You've probably bought a big chunk of fresh ginger root in the past and then used only an inch of it in a recipe. If not preserved in some way, the rest of the ginger forms mold or dries up before you can use all of it. That never needs to happen to you again if you master these ways to preserve ginger.
Freeze the Leftover Ginger
When you freeze ginger, don't bother peeling the ginger first because it is easier to peel ginger after it is frozen.
Just cut the ginger root into approximately 1-inch chunks. Freeze the chunks in a single layer on a plate or cookie sheet, uncovered, for 1 to 2 hours. Transfer the frozen chunks to freezer containers or bags.

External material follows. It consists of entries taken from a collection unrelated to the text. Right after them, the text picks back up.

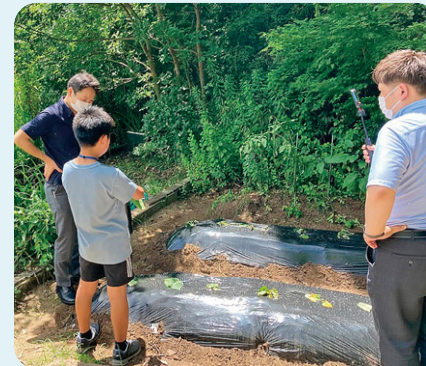
6月 さつまいもの苗植え
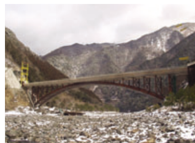
五條新宮道路 宇宮原バイパス (田長瀬橋)
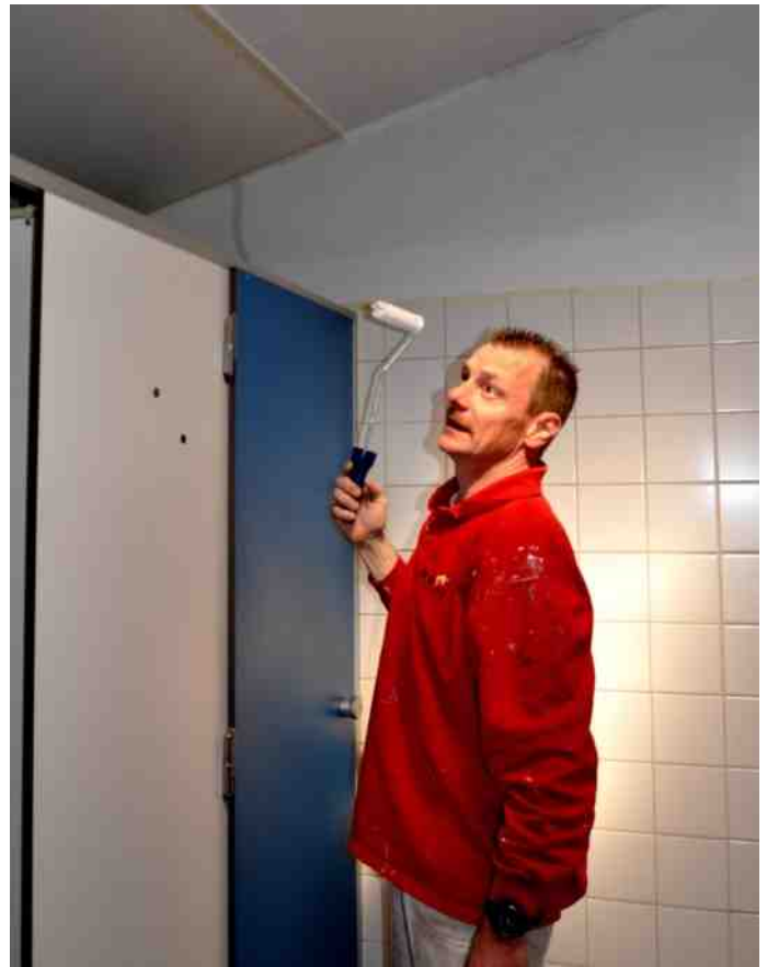
De herenkledkamer werd op een professionele manier gewit. Altijd fijn om kundige leden te hebben.
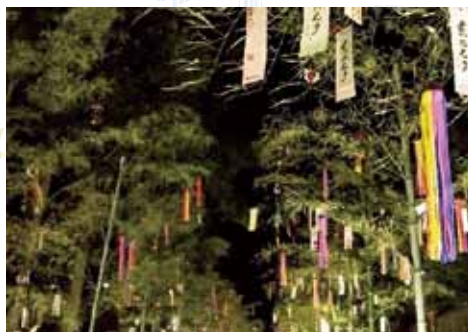
堀川エリアの「願い七夕」

堀川エリア：二条城、堀川遊歩道（下立売通～一条戻橋）周辺／鴨川エリア：鴨川河川敷（仏光寺通～御池通）周辺／梅小路公園エリア（梅小路公園）／北野紙屋川エリア（北野天満宮界隈）／宮津市エリア（天橋立及び周辺市街地） ※イベント詳細についてはホームページに順次UPされます。 ☎075-222-0389（京の七夕実行委員会事務局）

The initial single layer freeze keeps the chunks of ginger from clumping together so you can take out only as many pieces as you need at a time.
Make It Boozy
Soak the ginger in brandy or sherry. First, cut the fresh ginger into approximately 1-inch chunks and then peel the chunks—or peel, then cut, depending on how gnarly your ginger rhizome is. Put the peeled ginger chunks into a clean glass jar and cover them with dry sherry or brandy. Secure the lid and store in a cool, dark place such as your refrigerator or cellar.

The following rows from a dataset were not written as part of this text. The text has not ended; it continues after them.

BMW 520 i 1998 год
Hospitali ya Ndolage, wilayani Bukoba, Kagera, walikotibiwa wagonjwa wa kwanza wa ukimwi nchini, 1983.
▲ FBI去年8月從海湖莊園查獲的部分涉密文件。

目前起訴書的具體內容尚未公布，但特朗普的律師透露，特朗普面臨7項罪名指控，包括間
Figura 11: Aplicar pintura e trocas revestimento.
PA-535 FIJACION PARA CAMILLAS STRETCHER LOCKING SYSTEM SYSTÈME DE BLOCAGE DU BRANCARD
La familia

Use the boozy ginger in any cooked recipe, particularly curries. The alcoholic taste evaporates and the ginger flavor shines through. Add it as is to cocktails that are compatible with ginger ale flavor or to apple cider.
Pickle Ginger Strips
Peel and cut the ginger into thin strips and pickle it with a lightly tart vinegar brine. Just like the pickled ginger that is served as a palate cleanser with sushi and sashimi.

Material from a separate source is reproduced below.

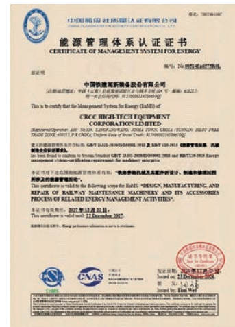
能源管理體系認證證書： GB/T 23331-2020/ISO50001:2018

本公司建立了能源管理體系，完成下發管理手冊、12個程序文件和能源評審、符合性評價、管理評審等相關報告，通過了認證機構審核並於二零二四年十二月二十三日取得認證證書。
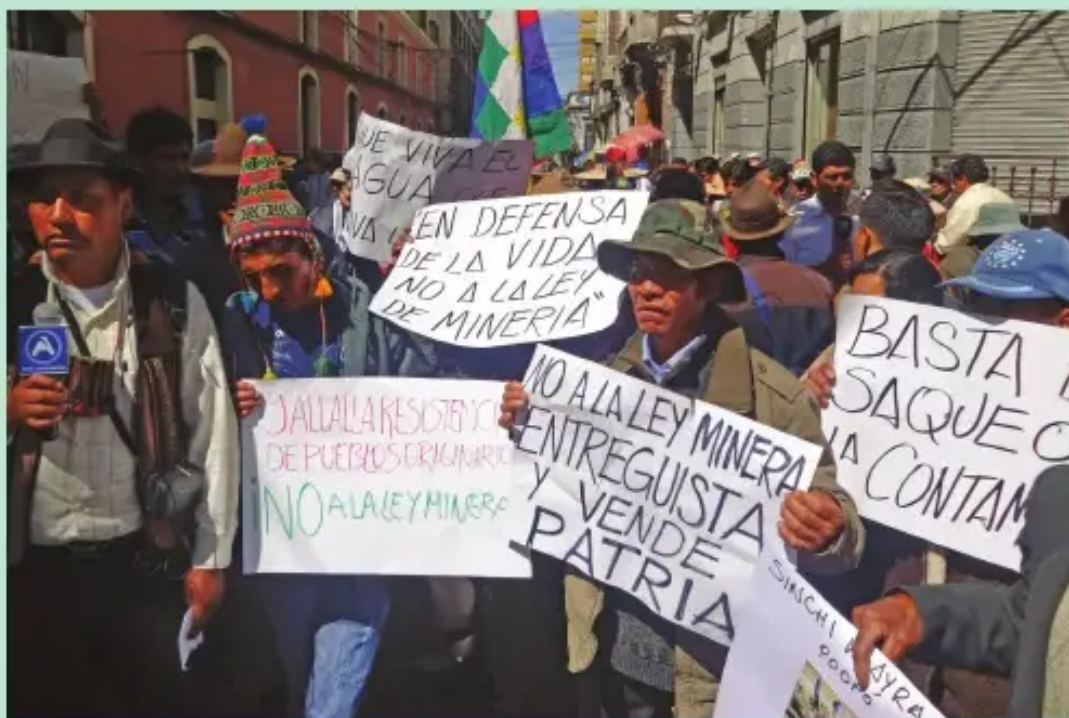
Sectores sociales se movilizan en contra de la nueva Ley Minera en la ciudad de La Paz.

La Ley 535 de Minería y Metalurgia promulgada el 28 de mayo del presente año, atenta contra la Constitución Política del Estado (CPE) y los derechos colectivos de los pueblos indígenas, según las organizaciones sociales de Tierras Altas y Tierras Bajas.

Ferment Ginger for Healthy Sodas
Ferment the ginger into naturally carbonated, healthy sodas and real ginger ale.
Wait, what?! Healthy sodas? That's right, naturally fermented sodas are rich in beneficial probiotic bacteria that are good for everything from boosting your immune system to curing your tummy ache.
You make lacto-fermented sodas by starting out with something called a ginger bug. That's a starter culture made with fresh ginger that turns any fruit juice into a bubbly beverage. Once you've got a ginger bug started, you can keep it going pretty much forever.
Add Ginger to Chutneys
Add ginger to any sweet preserves and chutneys. Ginger is a classic pairing with rhubarb and pears.
Dry Ginger for Baking
Mince the ginger into small pieces. Spread it in a shallow layer on a parchment paper-lined baking sheet and dry it in a 150 F oven, stirring occasionally. Grind the ginger in an electric grinder to use in baked goods such as ginger snap cookies or gingerbread. Be sure not to dry ginger in big pieces; It becomes rock hard when dried and you won't be able to grind it without burning your electric grinder's motor.